Since tomorrow’s half marathon is THE race (with Steve being a charter runner of the race, having run all 7 years, which qualifies him for special swag on anniversary years) tomorrow is important. Today’s 5k needed to be sacrificed for the cause tomorrow. Yes, I probably could have done the 5K, but since the aforementioned dinner rolls were still sitting like bricks in my hoping-to-be-macrobiotic stomach, I decided sit this one out.
Now the inevitable question remains - why did we suck down the rolls? Leaving Steve to answer his own moral dilemma, I shall attribute my behavior to cheapness and poor starving Chinese children. Growing up, I was encouraged to eat all that was placed in front of me because there were starving children in China. I guess I could have inquired as to the feasibility of shipping the food over to them, but being a shushed Southern girl, I knew better. Instead, I just ate, never considering that putting food in my stomach did not morph into food in a Chinese child's stomach.

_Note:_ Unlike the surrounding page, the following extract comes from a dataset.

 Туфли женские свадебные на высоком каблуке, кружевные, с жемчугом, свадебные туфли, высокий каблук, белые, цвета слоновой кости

The cheap part of this equation is mine alone. The problem is if someone puts food in front of me that I’m paying for anyway, I feel I must eat it all. Because otherwise it is wasted, therefore leaving me guilty of contributing to landfills and the eventual destroying of Mother Earth.

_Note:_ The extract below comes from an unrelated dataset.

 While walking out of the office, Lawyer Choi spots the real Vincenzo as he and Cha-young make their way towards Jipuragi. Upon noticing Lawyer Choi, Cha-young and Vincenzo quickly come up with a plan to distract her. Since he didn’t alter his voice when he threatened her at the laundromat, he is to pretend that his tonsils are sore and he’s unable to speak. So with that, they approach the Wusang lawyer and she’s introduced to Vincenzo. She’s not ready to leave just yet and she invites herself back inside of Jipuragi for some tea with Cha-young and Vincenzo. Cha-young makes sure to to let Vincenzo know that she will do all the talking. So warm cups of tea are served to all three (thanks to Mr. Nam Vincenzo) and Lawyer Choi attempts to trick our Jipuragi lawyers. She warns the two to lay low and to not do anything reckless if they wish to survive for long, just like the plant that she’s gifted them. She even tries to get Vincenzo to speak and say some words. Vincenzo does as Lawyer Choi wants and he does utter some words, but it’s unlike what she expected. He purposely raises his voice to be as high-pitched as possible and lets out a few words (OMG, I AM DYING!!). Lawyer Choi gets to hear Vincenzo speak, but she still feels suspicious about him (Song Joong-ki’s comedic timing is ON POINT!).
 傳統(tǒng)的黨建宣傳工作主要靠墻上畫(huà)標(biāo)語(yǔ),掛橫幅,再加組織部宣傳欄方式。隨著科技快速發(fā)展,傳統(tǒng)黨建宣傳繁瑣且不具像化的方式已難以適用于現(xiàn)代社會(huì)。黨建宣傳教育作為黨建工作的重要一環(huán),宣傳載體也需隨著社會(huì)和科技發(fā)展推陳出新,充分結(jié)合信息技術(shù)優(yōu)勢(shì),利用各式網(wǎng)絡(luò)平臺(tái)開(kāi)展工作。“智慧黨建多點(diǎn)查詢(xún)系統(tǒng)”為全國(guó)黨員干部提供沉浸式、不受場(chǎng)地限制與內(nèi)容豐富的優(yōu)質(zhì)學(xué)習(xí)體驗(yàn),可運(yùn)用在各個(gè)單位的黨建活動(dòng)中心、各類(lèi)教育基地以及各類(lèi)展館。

So, now that I have recognized the root of my issues (well, this one anyway), perhaps I shall do better in the future. Perhaps the next time I dine out, I shall ask if I will get pre-dinner rolls (and watch when the McDonald's dude is confused). If there are dinner rolls planned, I shall ask that they be sent directly to starving Chinese children. I shall also pretend that they cost extra, therefore refuse them simply based on economics.
However, should they actually appear on the table, I shall take evasive measures, such as:
1. Send them to the cute dude at the bar - people do it with drinks, so why not bread?

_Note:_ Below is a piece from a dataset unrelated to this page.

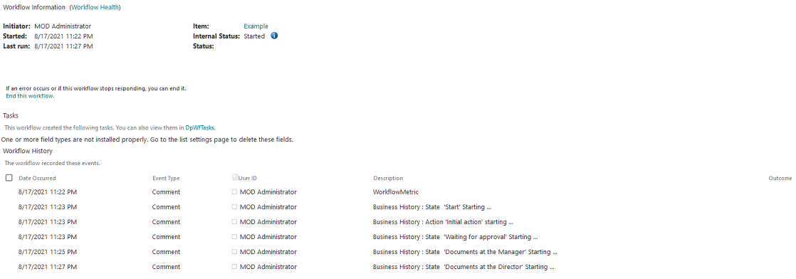 In any moment when workflow is running (and when it has ended) we can check its history. Here we will find various information about the process, how it worked, who launched which action, in which state the workflow waited most time, etc.

2. Learn to juggle. After they fall on the floor a couple of times, maybe the dirt and germs will deter me from consumption.
3. Slit them and use them as earmuffs. Sometimes those restaurants are too cold, anyway.
4. Play chicken and sit on them, hoping they will hatch.
5. Stuff them in my bra and use them as boob implants.
At least when I get thrown out of the restaurant, I won’t have eaten the rolls!